Activity →
Quote the entries in full, character for character, without their images.

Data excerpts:

= = = = = = =

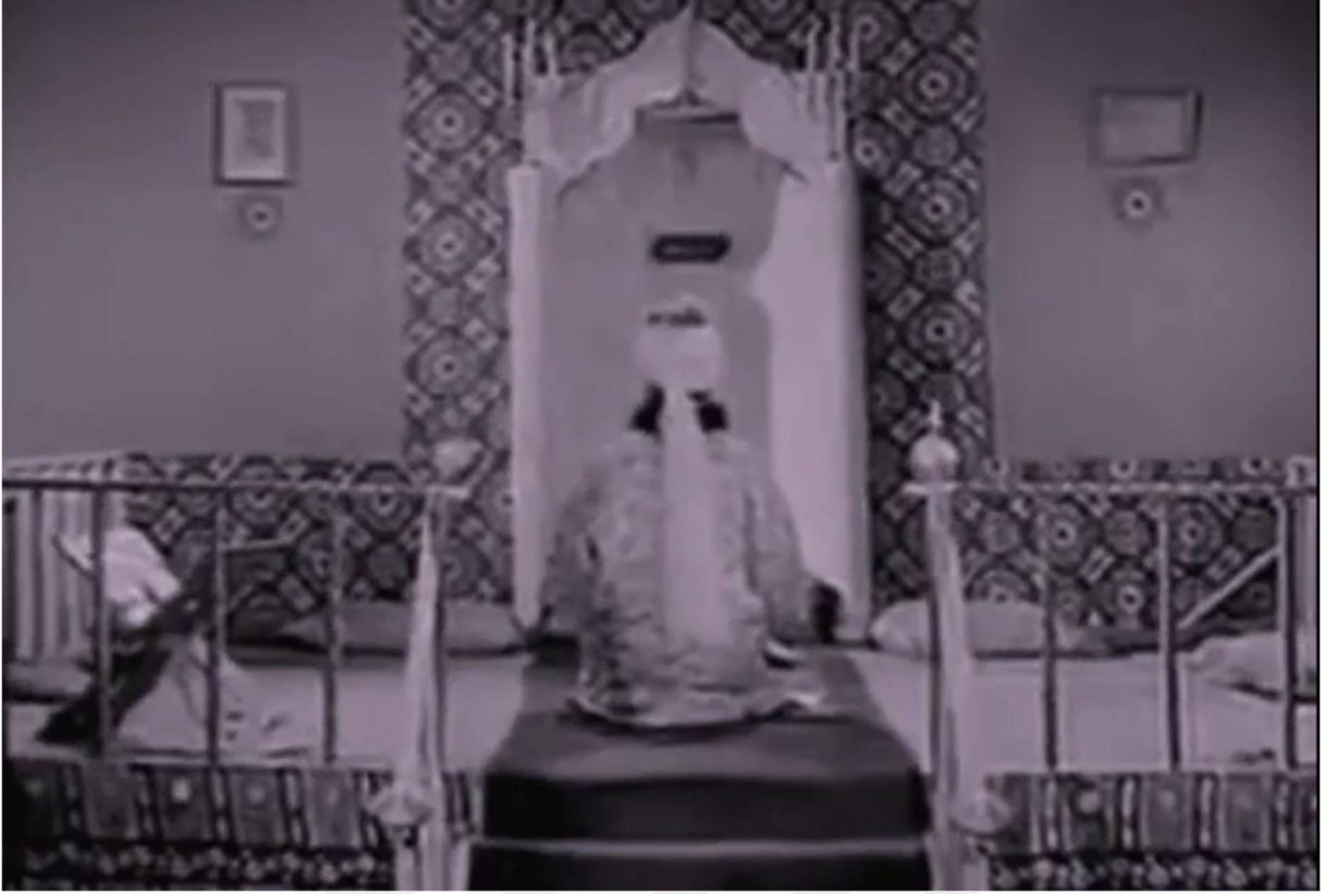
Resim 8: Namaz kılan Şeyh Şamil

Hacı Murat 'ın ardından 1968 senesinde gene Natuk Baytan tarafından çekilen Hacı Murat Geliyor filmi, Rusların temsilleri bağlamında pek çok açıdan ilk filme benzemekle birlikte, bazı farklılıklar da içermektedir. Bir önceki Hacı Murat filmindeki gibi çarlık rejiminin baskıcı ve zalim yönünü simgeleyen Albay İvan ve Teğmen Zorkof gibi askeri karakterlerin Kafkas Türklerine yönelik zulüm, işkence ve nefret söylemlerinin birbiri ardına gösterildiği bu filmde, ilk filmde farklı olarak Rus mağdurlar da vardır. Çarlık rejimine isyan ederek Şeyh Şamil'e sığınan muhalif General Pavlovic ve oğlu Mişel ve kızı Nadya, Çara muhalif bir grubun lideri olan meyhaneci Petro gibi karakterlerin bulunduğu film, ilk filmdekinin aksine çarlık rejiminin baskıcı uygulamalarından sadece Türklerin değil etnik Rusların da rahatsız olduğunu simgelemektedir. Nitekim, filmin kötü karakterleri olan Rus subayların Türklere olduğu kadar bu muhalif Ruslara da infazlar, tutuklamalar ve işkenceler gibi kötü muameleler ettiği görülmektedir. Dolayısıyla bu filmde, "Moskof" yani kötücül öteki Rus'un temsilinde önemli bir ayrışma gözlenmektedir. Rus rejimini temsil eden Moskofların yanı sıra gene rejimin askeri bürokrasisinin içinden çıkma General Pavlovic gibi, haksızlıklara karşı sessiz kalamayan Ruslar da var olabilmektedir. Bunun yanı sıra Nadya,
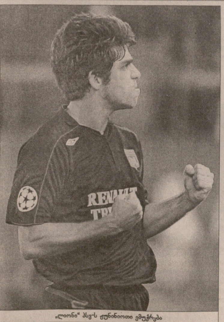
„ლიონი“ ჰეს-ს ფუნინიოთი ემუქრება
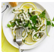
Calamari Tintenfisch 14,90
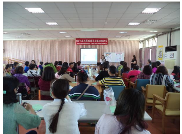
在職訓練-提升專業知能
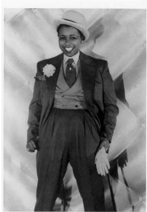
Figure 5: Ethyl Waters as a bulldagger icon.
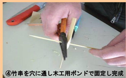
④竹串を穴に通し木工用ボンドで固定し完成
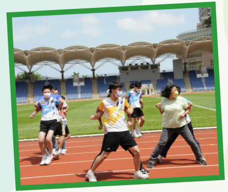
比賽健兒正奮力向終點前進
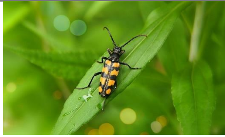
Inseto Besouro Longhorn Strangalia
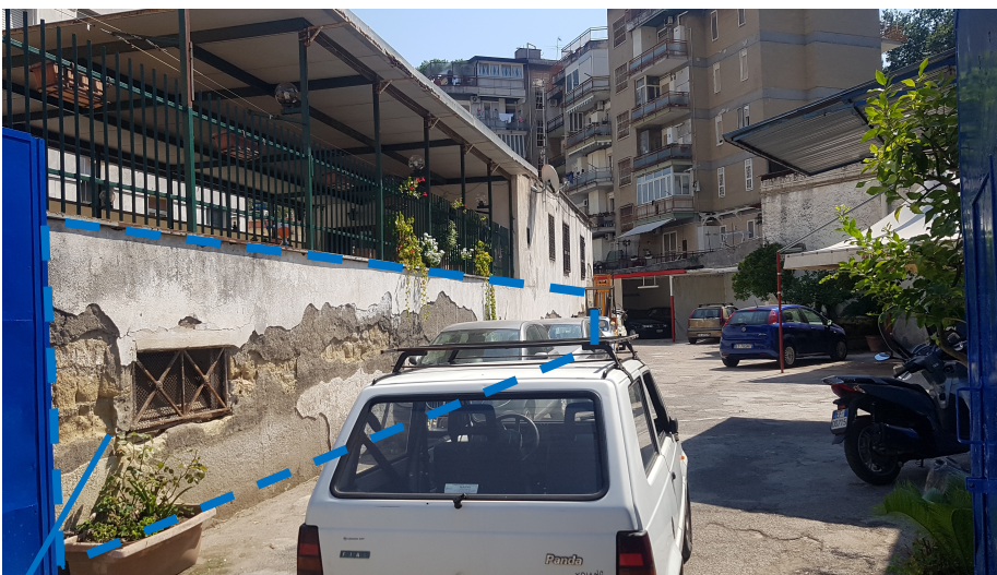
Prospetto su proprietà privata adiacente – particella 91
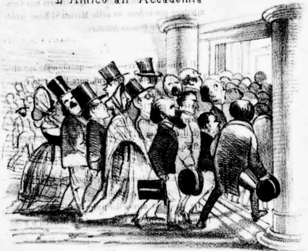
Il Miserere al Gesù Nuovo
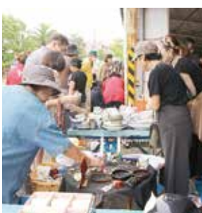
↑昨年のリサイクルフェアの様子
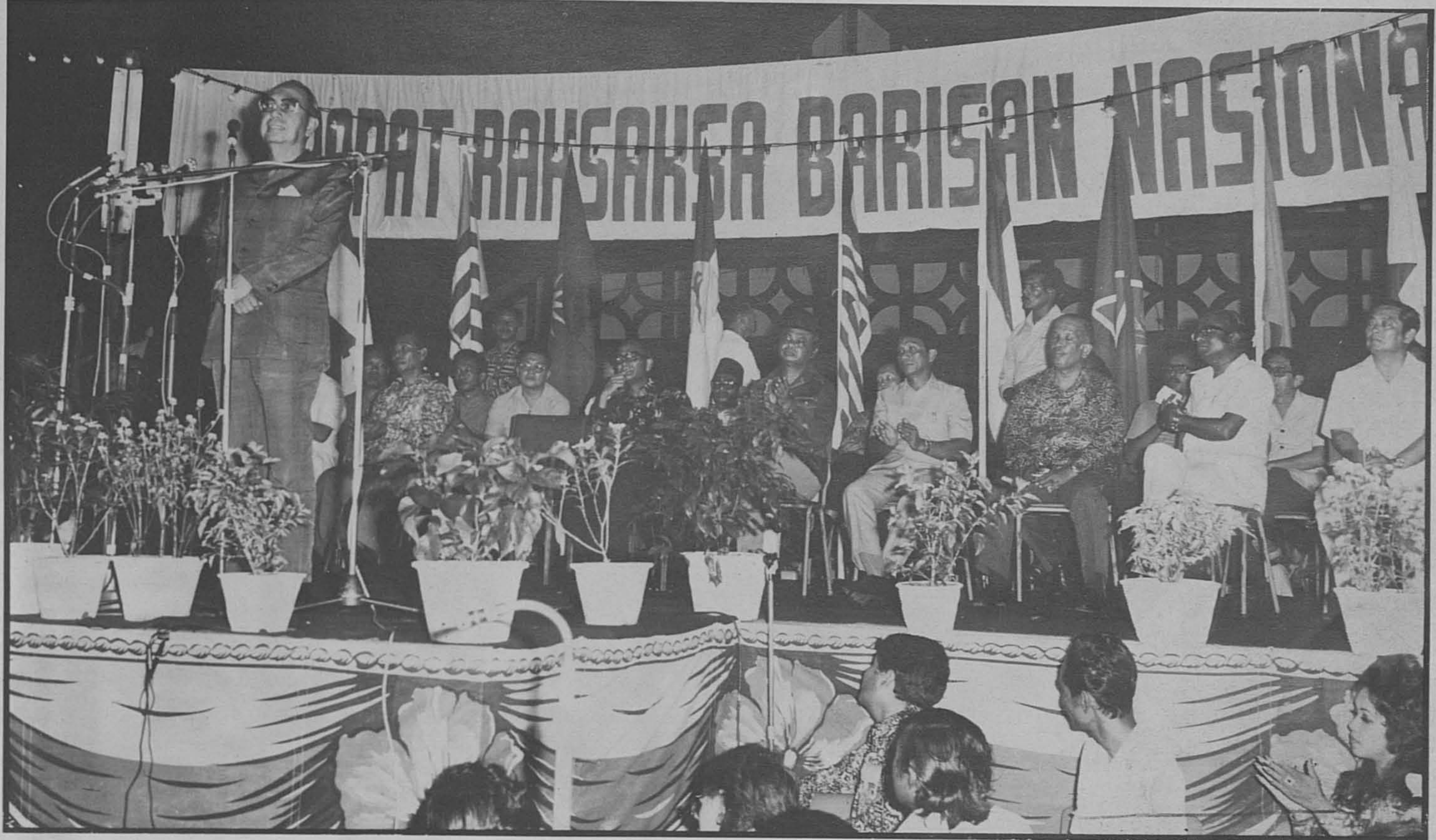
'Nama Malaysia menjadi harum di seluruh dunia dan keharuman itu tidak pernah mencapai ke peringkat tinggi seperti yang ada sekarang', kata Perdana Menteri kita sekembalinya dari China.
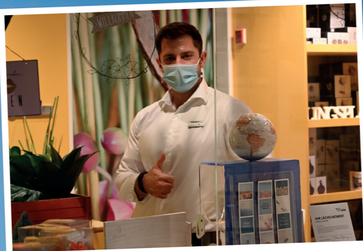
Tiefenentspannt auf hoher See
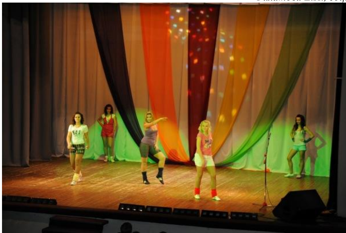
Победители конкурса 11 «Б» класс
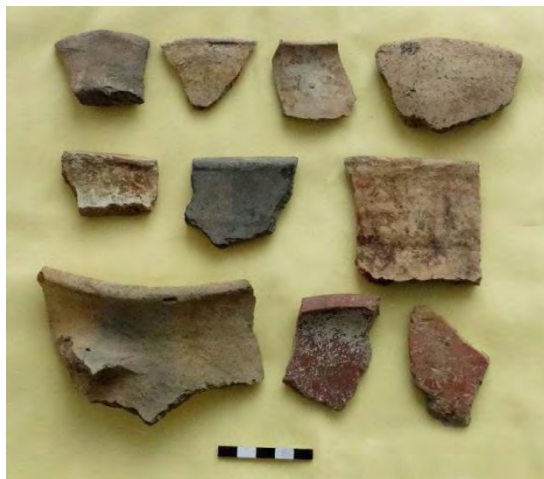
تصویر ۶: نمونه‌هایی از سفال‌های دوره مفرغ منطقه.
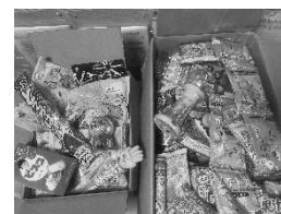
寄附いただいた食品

= = = = = = =

Result of this task →
Resim 8: Namaz kılan Şeyh Şamil

Hacı Murat 'ın ardından 1968 senesinde gene Natuk Baytan tarafından çekilen Hacı Murat Geliyor filmi, Rusların temsilleri bağlamında pek çok açıdan ilk filme benzemekle birlikte, bazı farklılıklar da içermektedir. Bir önceki Hacı Murat filmindeki gibi çarlık rejiminin baskıcı ve zalim yönünü simgeleyen Albay İvan ve Teğmen Zorkof gibi askeri karakterlerin Kafkas Türklerine yönelik zulüm, işkence ve nefret söylemlerinin birbiri ardına gösterildiği bu filmde, ilk filmde farklı olarak Rus mağdurlar da vardır. Çarlık rejimine isyan ederek Şeyh Şamil'e sığınan muhalif General Pavlovic ve oğlu Mişel ve kızı Nadya, Çara muhalif bir grubun lideri olan meyhaneci Petro gibi karakterlerin bulunduğu film, ilk filmdekinin aksine çarlık rejiminin baskıcı uygulamalarından sadece Türklerin değil etnik Rusların da rahatsız olduğunu simgelemektedir. Nitekim, filmin kötü karakterleri olan Rus subayların Türklere olduğu kadar bu muhalif Ruslara da infazlar, tutuklamalar ve işkenceler gibi kötü muameleler ettiği görülmektedir. Dolayısıyla bu filmde, "Moskof" yani kötücül öteki Rus'un temsilinde önemli bir ayrışma gözlenmektedir. Rus rejimini temsil eden Moskofların yanı sıra gene rejimin askeri bürokrasisinin içinden çıkma General Pavlovic gibi, haksızlıklara karşı sessiz kalamayan Ruslar da var olabilmektedir. Bunun yanı sıra Nadya,
„ლიონი“ ჰეს-ს ფუნინიოთი ემუქრება
Calamari Tintenfisch 14,90
在職訓練-提升專業知能
Figure 5: Ethyl Waters as a bulldagger icon.
④竹串を穴に通し木工用ボンドで固定し完成
比賽健兒正奮力向終點前進
Inseto Besouro Longhorn Strangalia
Prospetto su proprietà privata adiacente – particella 91
Il Miserere al Gesù Nuovo
↑昨年のリサイクルフェアの様子
'Nama Malaysia menjadi harum di seluruh dunia dan keharuman itu tidak pernah mencapai ke peringkat tinggi seperti yang ada sekarang', kata Perdana Menteri kita sekembalinya dari China.
Tiefenentspannt auf hoher See
Победители конкурса 11 «Б» класс
تصویر ۶: نمونه‌هایی از سفال‌های دوره مفرغ منطقه.
寄附いただいた食品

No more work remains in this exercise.